J’ai remis à M. Grappin 50 Fr., il en tiendra compte à M. Etienne. Si par hasard vous pouviez me procurer à un prix très modique les œuvres de Rollin et l’histoire du Bas-Empire, je serais bien aise de les avoir pour les faire [lire] à nos enfants.
Notre oncle vient de céder son pensionnat. M. Gau ancien professeur de 3e au collège est directeur de l’établissement, M. Farges ex-principal en est aumônier. Je ne sais où notre oncle ira se reposer. Je viens de recevoir des nouvelles de nos parents qui se portent bien. Quand je pourrai vous écrire, je vous ferai savoir tout ce qui sera de nature à vous intéresser dans notre famille, notre congrégation et notre patrie.

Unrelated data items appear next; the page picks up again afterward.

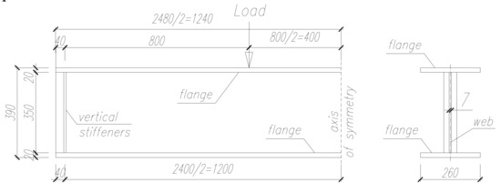 The plate girders had an overall length of 2480 mm, with an effective span of 2400 mm. The top and bottom flange were made of flat plates with a thickness of 20 mm and width of 260 mm. The beam had full-height transverse stiffeners located 40 mm away from its ends, made of flat 10 mm plates, with respective widths of 90 mm and 140 mm.
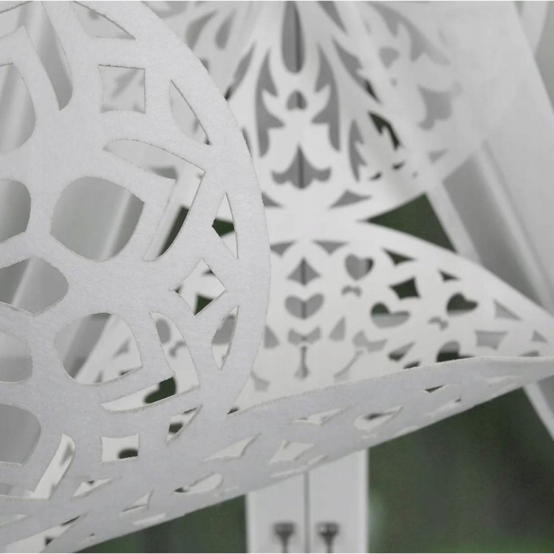A fehér függöny friss, légies megjelenést ad a helyiségnek, és könnyen kombinálható különböző berendezési stílusokkal. Az álomfogó motívummal díszített dekorpanel egyedi karaktert visz a térbe, modern, mégis otthonos akcentusként. A sima, puha voile és a hangsúlyos panel együtt letisztult, stílusos kompozíciót alkot, amely modern és klasszikus enteriőrökben egyaránt jól működik. A szett úgy ötvözi a funkcionalitást és a dekorativitást, hogy közben nem terheli túl a szoba látványát.
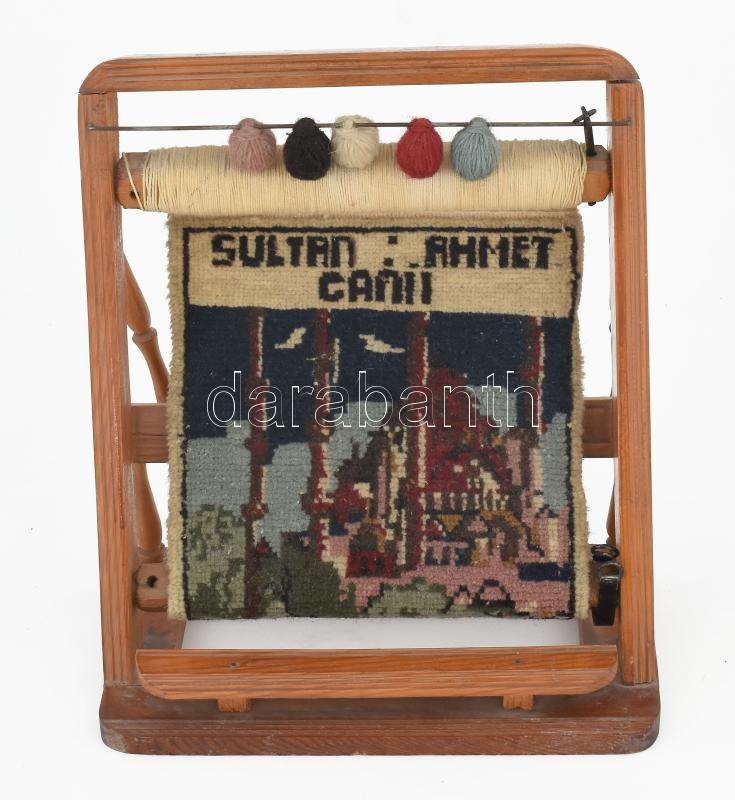 Szuvenír szövő makett, rajta kelimen Ahmed szultán dzsámijának ábrázolásával, sérüléssel, m: 32 cm
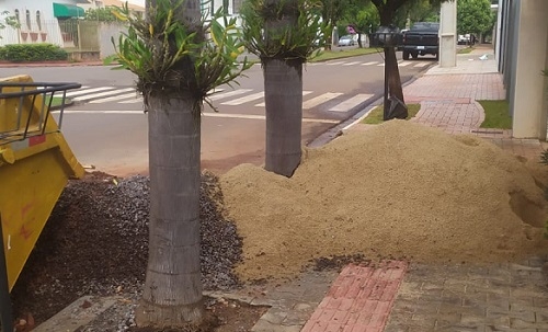 Na av. Comendador Norberto Marcondes, materiais de construção ocupam toda a calçada.
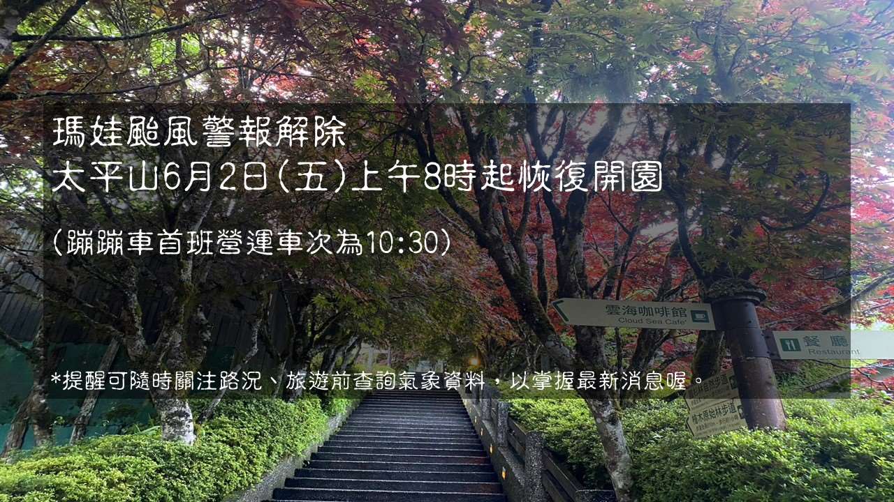 受瑪娃颱風外圍環流影響,太平山國家森林遊樂區自5月31日起預警性休園,林務局羅東林管處經積極投入人力進行區內環境及各項設施檢視及維護後,訂於112年6月2日(星期五)上午8時起恢復開園,蹦蹦車首班營運車次為10:30。羅東林管處提醒民眾可以隨時關注公路總局網站(https://www.thb.gov.tw/),以掌握最新消息,也提醒旅遊前查詢氣象資料,氣候不佳時,建議減少戶外活動;太平山最新消息可上官網 (http://tps.forest.gov.tw) 、台灣山林悠遊網(http://recreation.forest.gov.tw/)、FB粉專(http://www.facebook.com/tps100.forest/)查詢。

Adieu, mon très cher frère, adieu ! Soyons toujours unis dans les Sacrés Cœurs de Jésus et de Marie.
Votre très affectionné et à tout jamais dévoué frère,
J.G. Perboyre ind. p. d. l. m.
Saint-Flour, le 27 octobre 1830.
- Louis Perboyre s’embarqua au Havre le 2 novembre 1830, il reconduisait en Chine six séminaristes chinois, et était accompagné de quatre Pères des Missions-Etrangères de Paris : Emmanuel Verrolles, qui devint évêque de Colombia et vic. ap. de Mandchourie ; Pierre Dumoulin-Borie, élu évêque d’Acanthe, décapité au Tonkin le 24 novembre 1838, béatifié le 27 mai 1900 ; Gilles Delamotte, mort en prison à Hué (Annam), des suites des tourments endurés pour la foi, le 3 octobre 1840, déclaré vénérable le 24 septembre 1857 ; Pierre Mariette, destiné au Seu-tch’oan.